### Exercise requirements:
For the records below, output word for word the lines from the one with "(ホワイト)にヴェールムース" up to and including the one with "Black Pointe Bay". No pictures.

### Data excerpts:
------------------------------------------------------------
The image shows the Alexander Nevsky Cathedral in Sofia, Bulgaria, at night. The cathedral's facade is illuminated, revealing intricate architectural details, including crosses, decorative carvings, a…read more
------------------------------------------------------------
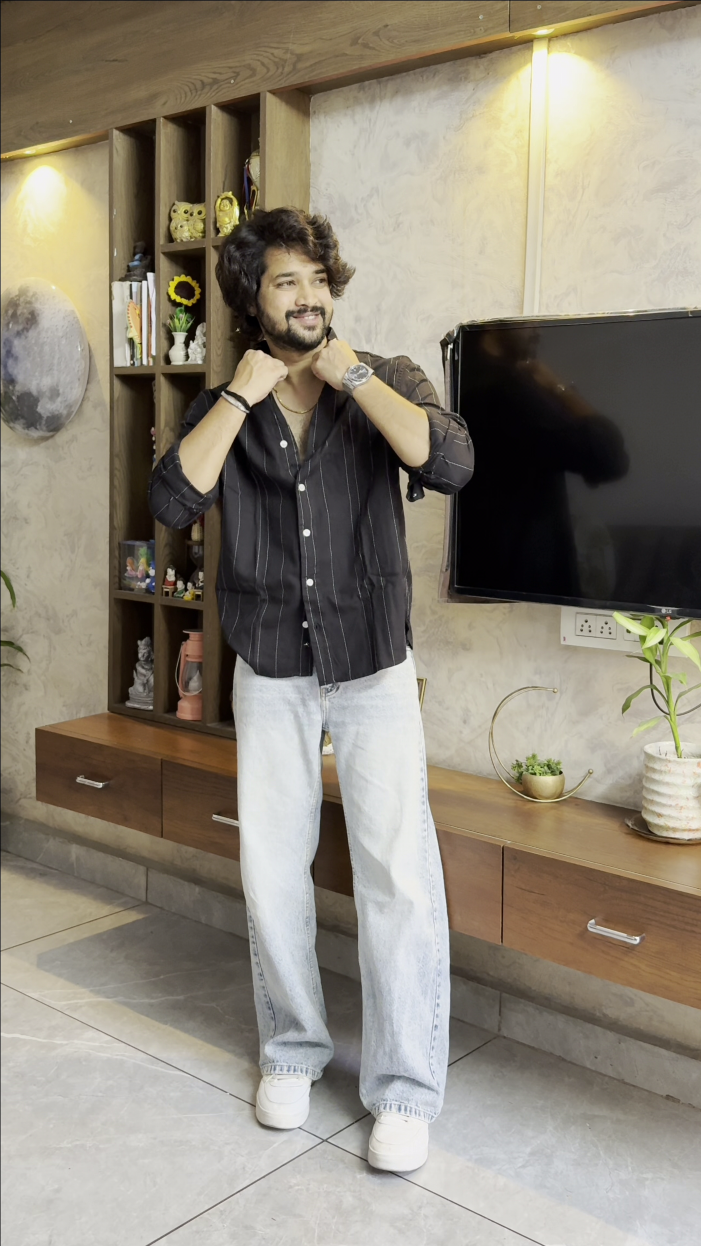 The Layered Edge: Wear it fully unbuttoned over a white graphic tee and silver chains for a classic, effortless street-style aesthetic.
------------------------------------------------------------
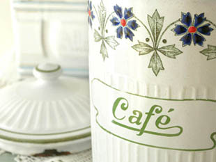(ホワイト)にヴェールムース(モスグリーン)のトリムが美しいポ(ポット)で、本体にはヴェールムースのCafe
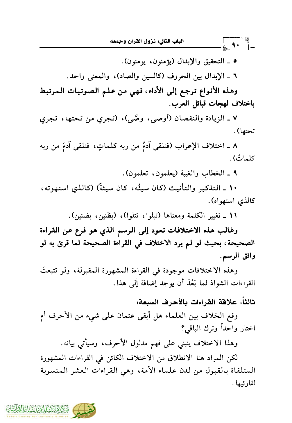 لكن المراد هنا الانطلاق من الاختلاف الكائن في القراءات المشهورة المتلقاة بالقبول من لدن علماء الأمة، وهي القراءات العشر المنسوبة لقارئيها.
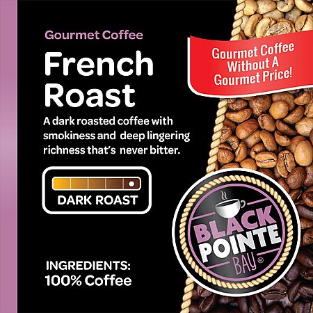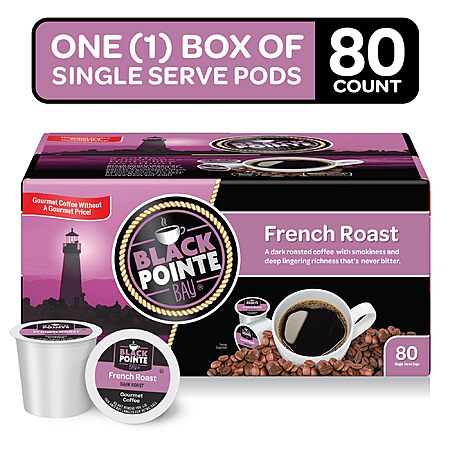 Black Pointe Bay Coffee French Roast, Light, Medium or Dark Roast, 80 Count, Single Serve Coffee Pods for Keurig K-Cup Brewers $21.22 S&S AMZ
------------------------------------------------------------
### Response area:
(ホワイト)にヴェールムース(モスグリーン)のトリムが美しいポ(ポット)で、本体にはヴェールムースのCafe
 لكن المراد هنا الانطلاق من الاختلاف الكائن في القراءات المشهورة المتلقاة بالقبول من لدن علماء الأمة، وهي القراءات العشر المنسوبة لقارئيها.
 Black Pointe Bay Coffee French Roast, Light, Medium or Dark Roast, 80 Count, Single Serve Coffee Pods for Keurig K-Cup Brewers $21.22 S&S AMZ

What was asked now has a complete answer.